At 1024, the ambient air regenerates the MOF. The ambient air regenerates the MOF at 1024 by the adsorbed CO₂ in the MOF desorbing into the ambient air as it flows over the MOF. This can be referred to operating the CO₂ scrubber in regeneration mode. In an embodiment, heated ambient air flows over the MOF. The temperature increase of the ambient air can increase the rate at which the CO₂ in the MOF desorbs into the ambient air (e.g., increases the CO₂ desorption rate from the MOF).

In an embodiment, operating in the second mode 1020 may also optionally include 1026. At 1026, air from the enclosed space is directed through the ventilation pathway and the air is conditioned as it flows through the ventilation pathway. The air is directed through the ventilation pathway at 1026 without mixing with the ambient air being directed through the CO₂ scrubber at 1022. For example, in an embodiment, the air is directed through the ventilation pathway at 1026 by being by-passed around the CO₂ scrubber (e.g., through by-pass 160).

In an embodiment, the CO₂ scrubber may include multiple compartments/cartridges of the MOF as discussed above. For example, the ambient air is directed through a first cartridge of the MOF at 1022 and the air flowing through the ventilation pathway at 1026 may be directed through a second cartridge of the MOF such that the ambient air and the air from the enclosed space do not mix. In such an embodiment, operating in the first mode at 1010 may include directing ambient air through the second cartridge of the MOF to regenerate the MOF in the second cartridge similar to 1022 and 1024, except for a regenerating the second cartridge of the MOF.

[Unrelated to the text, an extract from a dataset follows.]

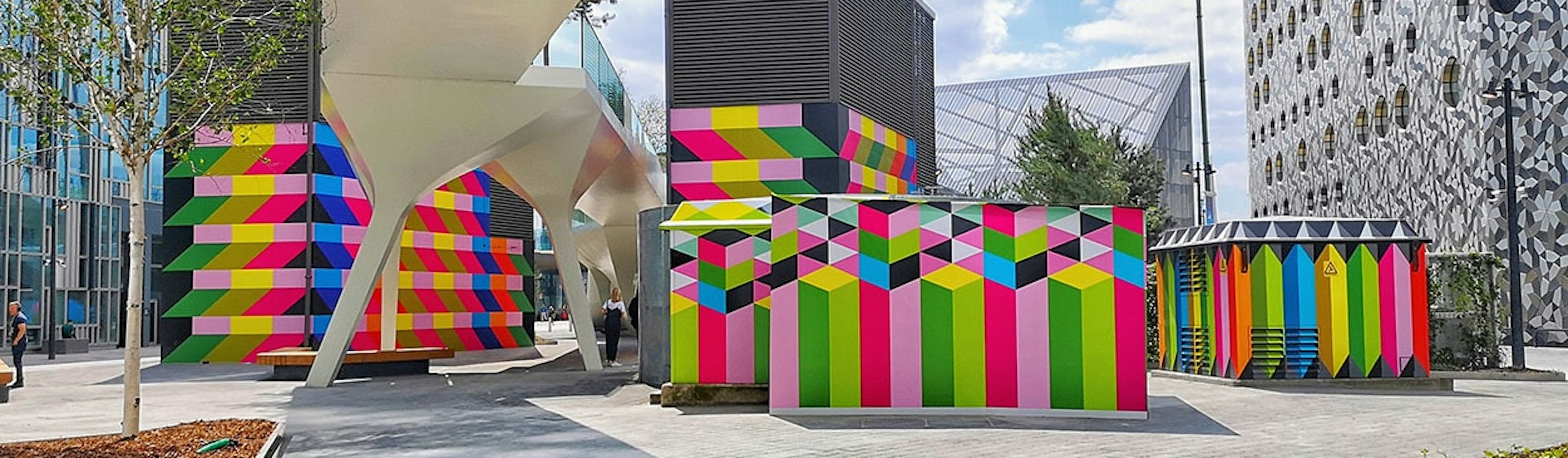 Myerscough’s work is notable for its bright, engaging palette and forms. “I often use a series of four colours in my work to represent the sun. I like the idea that the first two cranes form the sun, and the colours of the other cranes respond to this hot colour palette.” Myerscough creates places from spaces that people like to be in, and it’s important that her work is stimulating — something that makes audiences smile.
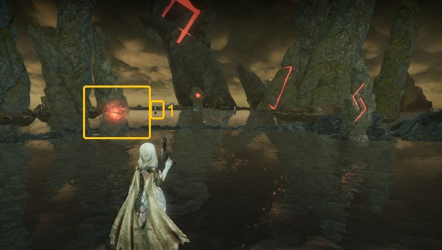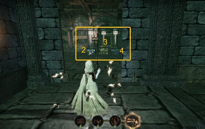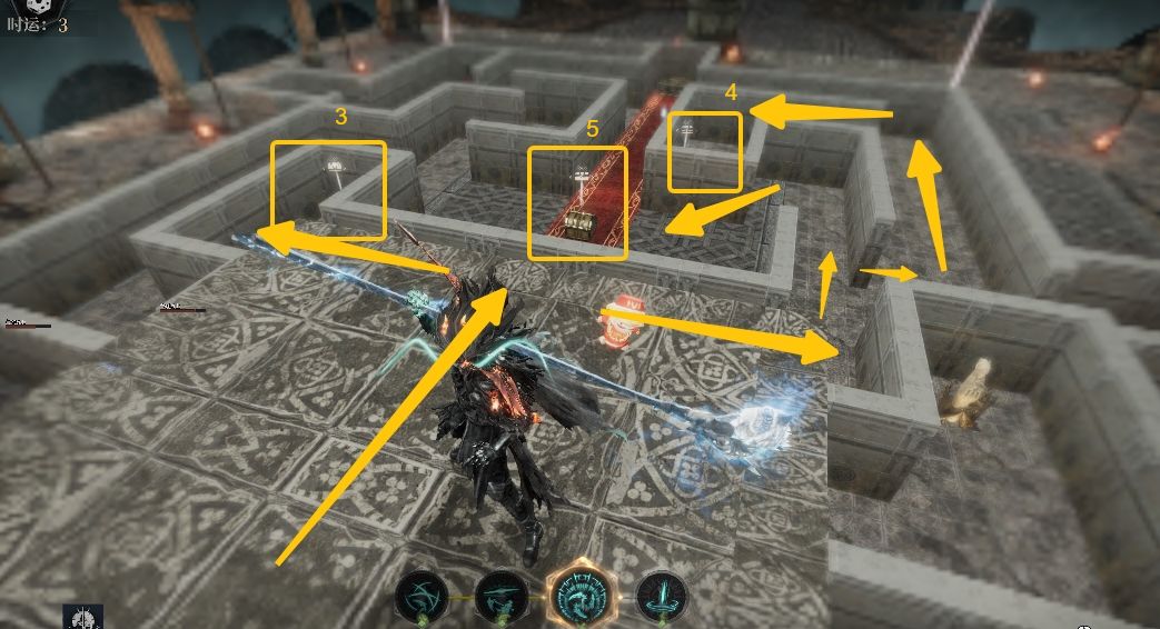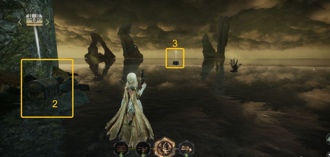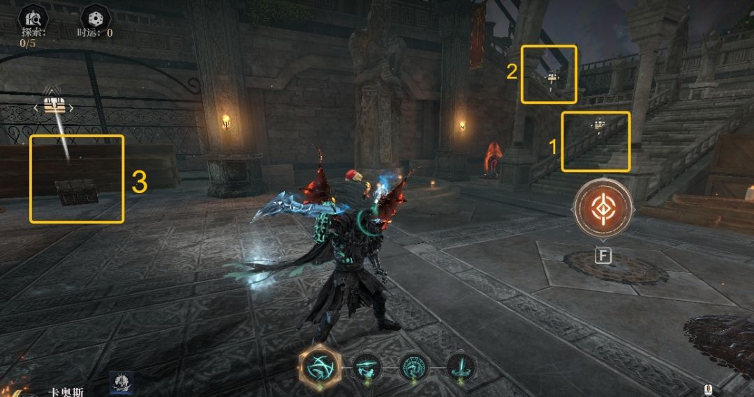 在中间有个第1个宝箱,站在宝箱处视角右转,激活这两处柱子,再顺着左边的柱子往里走。在里面可以看到2个宝箱,击杀两组怪物刷新第3个宝箱。

In an embodiment, operating in the second mode 1020 may also optionally include 1028. At 1028, ambient air is supplied from the ambient environment into the enclosed space (e.g., ambient air through the ambient air inlet 116). The ambient air is supplied to the enclosed space at 1028 to decrease the concentration of oxygen (e.g., oxygen concentration C₃) within the enclosed space. The ambient air is not the ambient air directed and used to regenerate the MOF at 1022 and 1024 (e.g., thee ambient air supplied to the enclosed space at 1028 is fresh ambient air). In an embodiment, the ambient air may be supplied to the enclosed space 1028 through the ventilation pathway. The ambient air directed from the ambient environment into ventilation pathway, passed through the ventilation pathway, and then discharged (as conditioned/cooled ambient air) from the ventilation pathway in to the enclosed space. For example, in an embodiment, the ambient air is directed through the ventilation pathway at 1028 by being by-passed around the CO₂ scrubber (e.g., through by-pass 160). The supplying of the ambient air 1028 can include operating/actuating an ambient air inlet (e.g., ambient air inlet 116) to be open. The ambient air inlet is closed when air is being scrubbed by the CO2 scrubber at 1016 such that no ambient air is supplied into the enclosed space. For example, the first mode 1010 in which the CO₂ scrubber is operating in an adsorption mode is configured to not supply/add ambient air into the enclosed space.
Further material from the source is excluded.